Deputy in the Portuguese Assembly of the Republic
- Incumbent
- Assumed office August 2021
- Constituency: Porto

Personal details
- Born: 29 February 1988 (age 38) Santo Tirso, Porto District, Portugal
- Party: Portuguese: Socialist Party (PS)
- Occupation: Politician

= Sofia Andrade =

Portuguese politician

Sofia Andrade (born 1988) is a Portuguese politician. As a member of the Portuguese Socialist Party (PS), she became a deputy in the Portuguese Assembly of the Republic, representing Porto, in 2021, following the resignation of one of the incumbents, and was re-elected in the January 2022 election.

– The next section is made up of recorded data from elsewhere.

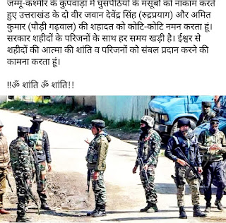 मुख्यमंत्री त्रिवेन्द्र सिंह रावत ने जम्मू-कश्मीर के कुपवाड़ा में घुसपैठियों के मंसूबों को नाकाम करते हुए उत्तराखंड के दो वीर जवान देवेंद्र सिंह (रुद्रप्रयाग) और अमित कुमार (पौड़ी गढ़वाल) की शहादत को नमन करते हुए ईश्वर से शहीदों की आत्मा की शांति व परिजनों को संबल प्रदान करने की कामना की है। उन्होंने कहा कि सरकार शहीदों के परिजनों के साथ हर समय खड़ी है।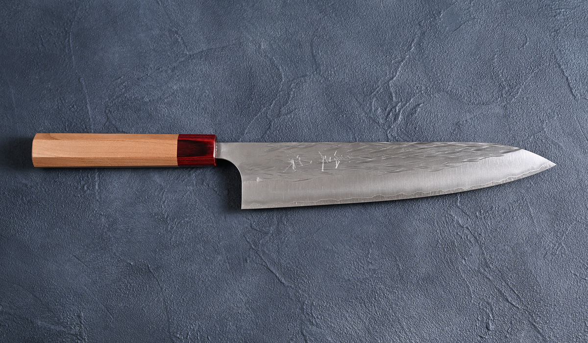 Yu Kurosaki Sasame Gyuto Knife, 240mm, SG2 Powdered High-Speed Steel, American Cherry Octagonal Handle
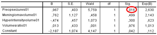 A binomial logistic regression analysis was conducted to determine the independent variables associated with developing postoperative epilepsy. Among the variables analyzed, the only factor that showed a statistically significant association with postoperative epilepsy was the presence of preoperative epilepsy (OR = 2.88; 95% CI: 0.86–5.05;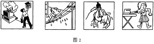 电器失火时先切断电源 湿衣服晾在电线上 用湿布擦抹电器 用电器未加接地保护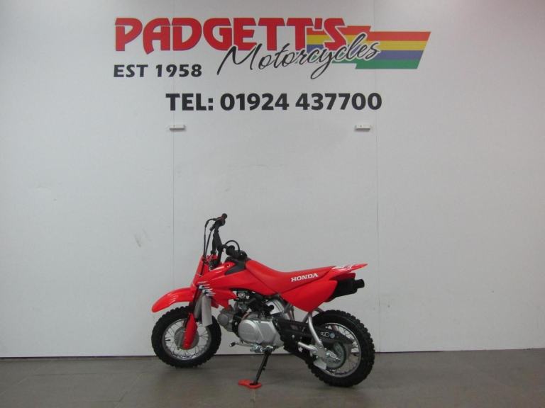 We present here for sale this 2025 Honda CRF50F. Honda’s longest-running off road model. With its key operated ignition, the CRF50F opens the door to endless thrills and excitement for aspiring young riders. Easy to start, easy to use, and always fun. Widely recognised as the original mini bike, the CRF50F is the choice of first-time riders the world over. Its inverted fork, 49cc engine, easy-shifting gearbox with automatic clutch and low seat height make the CRF50F a cinch to ride. Built strong and solid, with big bike styling and racy new graphics, this CRF will soon have the fun meters of the smallest riders in the family running red - Honda red. A young rider needs confidence from day one. So we’ve made the CRF50F easy for the junior rider to get along with. It’s easy to start, just turn a key and hit the button. It’s easy to ride with a dependable, strong 420 chain and it’s easy to stop with powerful front and rear drum brakes. The CRF50F wears a striking new CRF family paint and bold new graphics to celebrate Honda’s off-road racing pedigree. Twinned with a reliable air-cooled engine powered by a maintenance-free Capacitor Discharge ignition (CDI). There’s no better place to start than here. The bike is available for viewing and is well worth a look. Finance is available and is subject to status. Part Exchanges welcome. Nationwide delivery can be arranged from as little as £75. Usual Dealer facilities including a Large range of clothing, helmets & accessories. Call Padgett's Motorcycles today to ensure that you don't miss out; Suzuki Sales Centre 01924 609808, Honda Sales Centre 01924 437700 and Yamaha Sales Centre 01924 478491.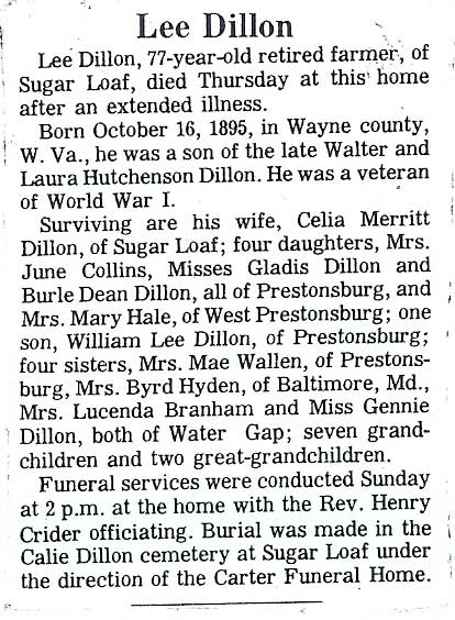 80, of Langley, d, February 27, 1998, . Born February 24, 1918 in Floyd County, s/o Felix and Lena Hoover Dudley. h/o, Jane Collins Dudley. Survivors include two sons, Lowell Dudley of Texas and Glen Dudley of Michigan; two stepsons, Roy Ratliff of Indianapolis, Indiana, and Kenny Ratliff of Ohio; one daughter, Ruby Gay Sawberger of Texas; one stepdaughter, Jean Pease of Indianapolis, Indiana; two sisters, Ethel Presley of Langley and Edith Gayheart of Allen;. . Burial was in the Hayes Cemetery on Turkey Creek, Langley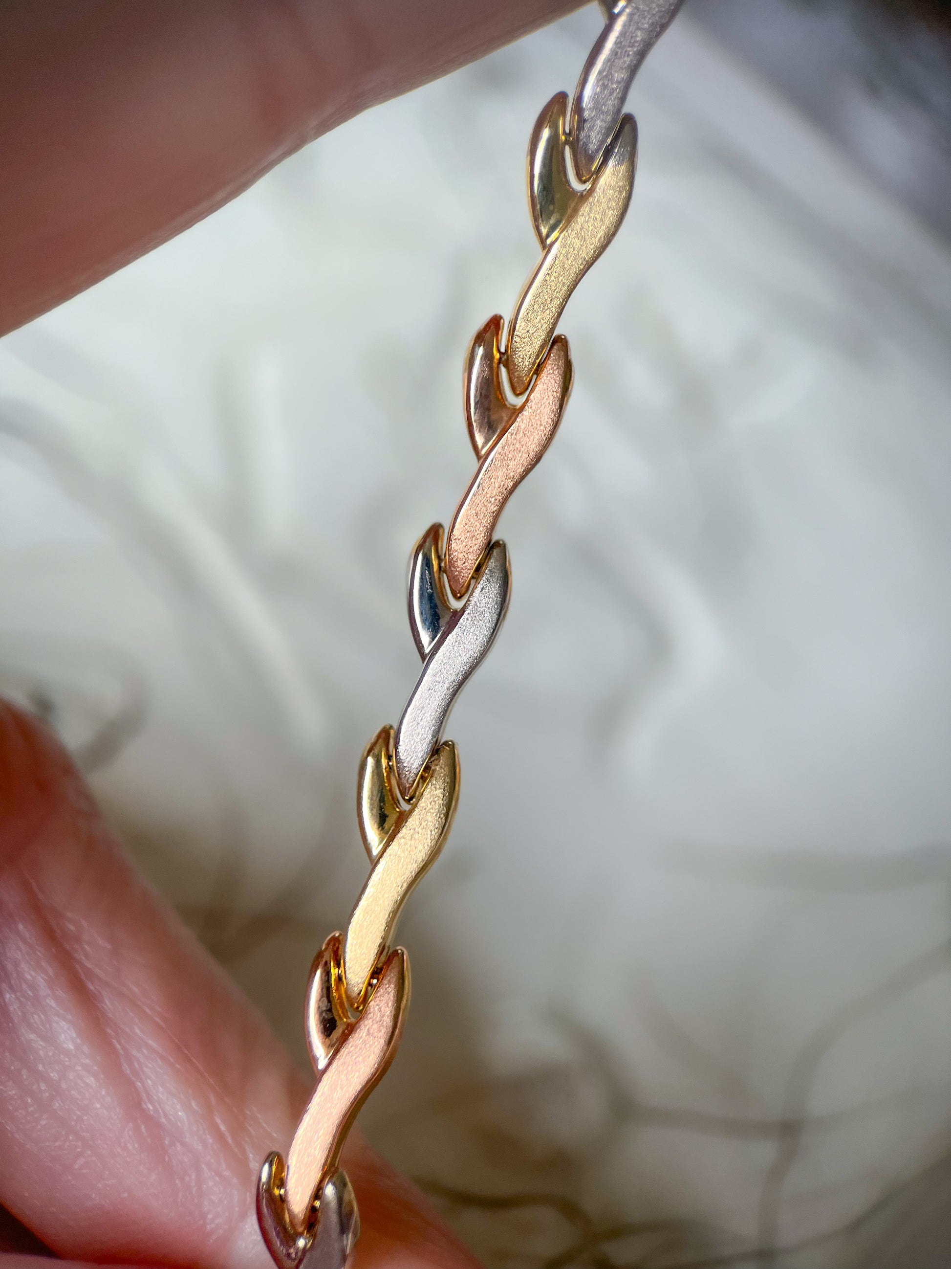 14k Tri Colored White, Rose, Yellow Gold Flat Link 7 Inch Bracelet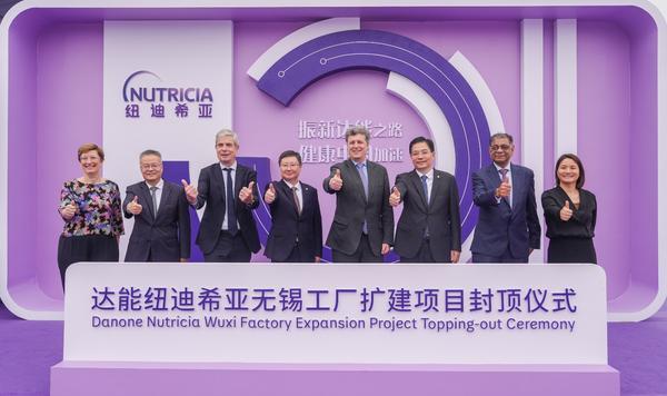 中国网财经10月14日讯 10月13日,达能纽迪希亚制药(无锡)有限公司工厂扩建项目正式封顶。无锡市副市长周文栋、达能首席执行官盛睿安(Antoine de Saint-Affrique)、达能中国、北亚及大洋洲总裁谢伟博(Bruno Chevot)、达能首席运营官Vikram Agarwal、无锡高新区党工委书记、区委书记崔荣国等出席仪式,共同见证了这一具有里程碑意义的时刻。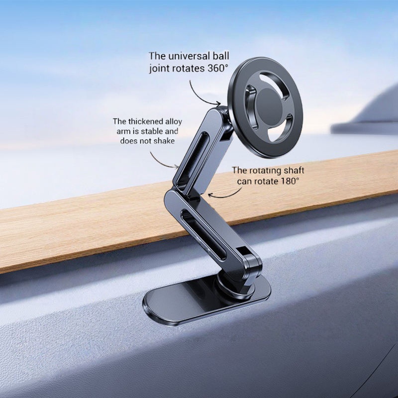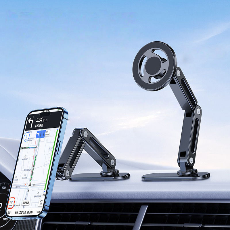 แท่นวางโทรศัพท์มือถือโลหะแบบพับได้สำหรับยึดแบบยึดติดกับแผงหน้าปัดรถยนต์แบบแม่เหล็กฐานยาว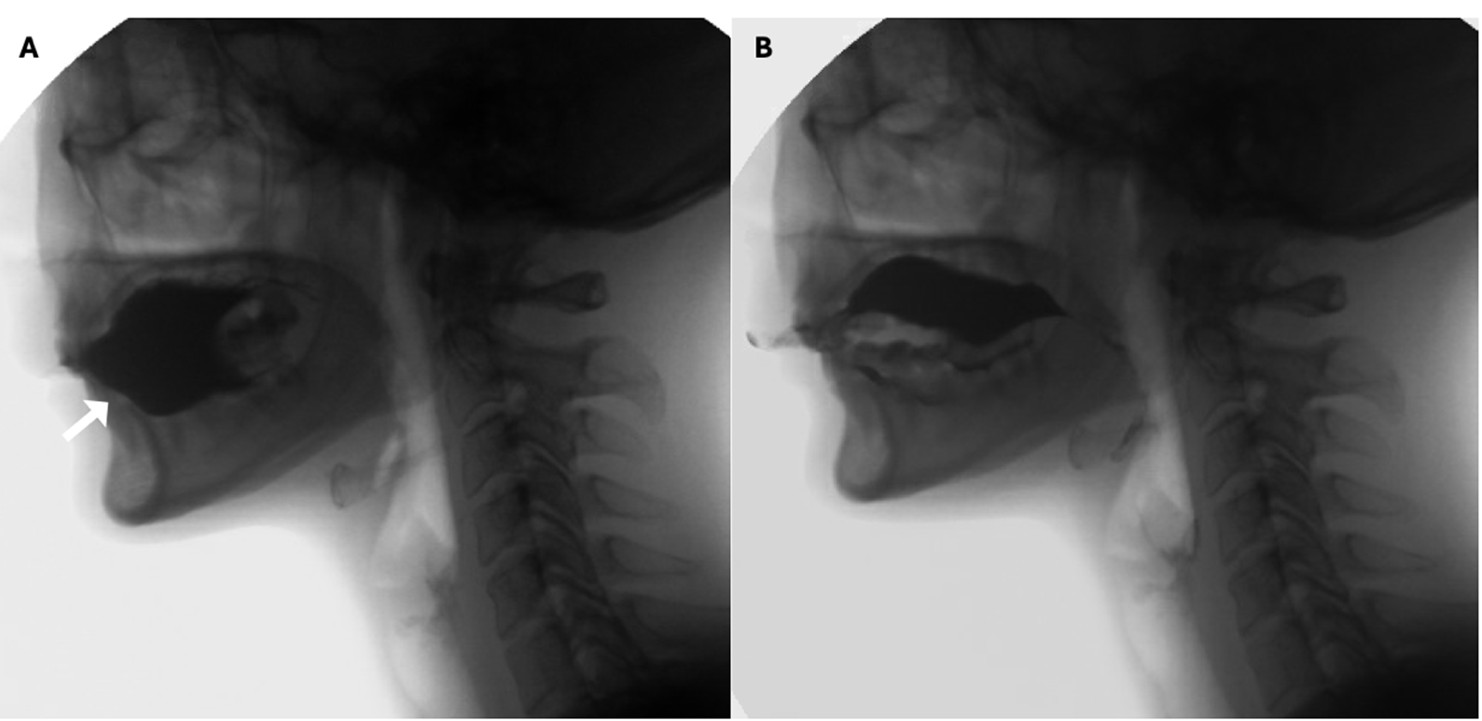 Figure 5: Dipping pattern of bolus hold. Notice that before swallowing the contrast rests on the floor of the mouth (white arrow in A). In the oral propulsive phase, the tongue shows a spoon-like movement that scoops the entirety of the bolus (B)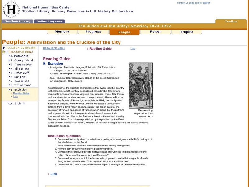 National Humanities Center: Toolbox Library: People: Assimilation and the Crucible of the City: Exclusion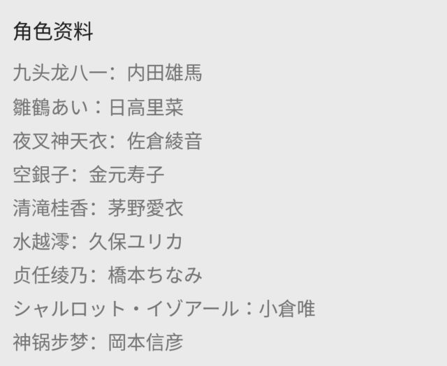 怎么样是不是感觉很良心?一排下来全都是大牌声优,什么茅野爱衣、佐仓绫音、小仓唯、冈本信彦,还有久保由利香、金元寿子、日高里菜、内田雄马等,就凭这声优我都要给制作组一个大大的好评(ノ゚▽゚)ノ

==Early life and education==
Sofia Andrade was born in São Martinho do Campo in the municipality of Santo Tirso in the Porto metropolitan area of Portugal. She has a degree in neurophysiology from the Escola Superior de Saúde do Vale do Ave and worked as an advisor in the office of the presidency of the municipality of Santo Tirso until 2021.

==Political career==
Andrade became a member of the executive of the Vila Nova do Campo parish council in 2013. She became active in the Socialist Youth, the youth arm of the Socialist Party, being president of the Santo Tirso branch between 2015 and 2019. She also joined the secretariat of the Porto branch of Socialist Women – Equality and Rights (MS-ID). In the 2019 Portuguese legislative election, Andrade was 20th on the list of PS candidates for the Porto constituency but the party only won 17 seats. However, following the appointment of two people on the list to ministerial and secretary of state positions and the later resignation as deputy of Ana Paula Vitorino in order to take up the post of chair of the board of directors of Portugal's Mobility and Transport Authority (AMT), Andrade became a deputy in the Assembly in August 2021. In the January 2022 national election, Andrade was ranked 18th on the PS list and was re-elected to the Assembly when the PS won 19 seats in the Porto District and won an overall majority in the Assembly.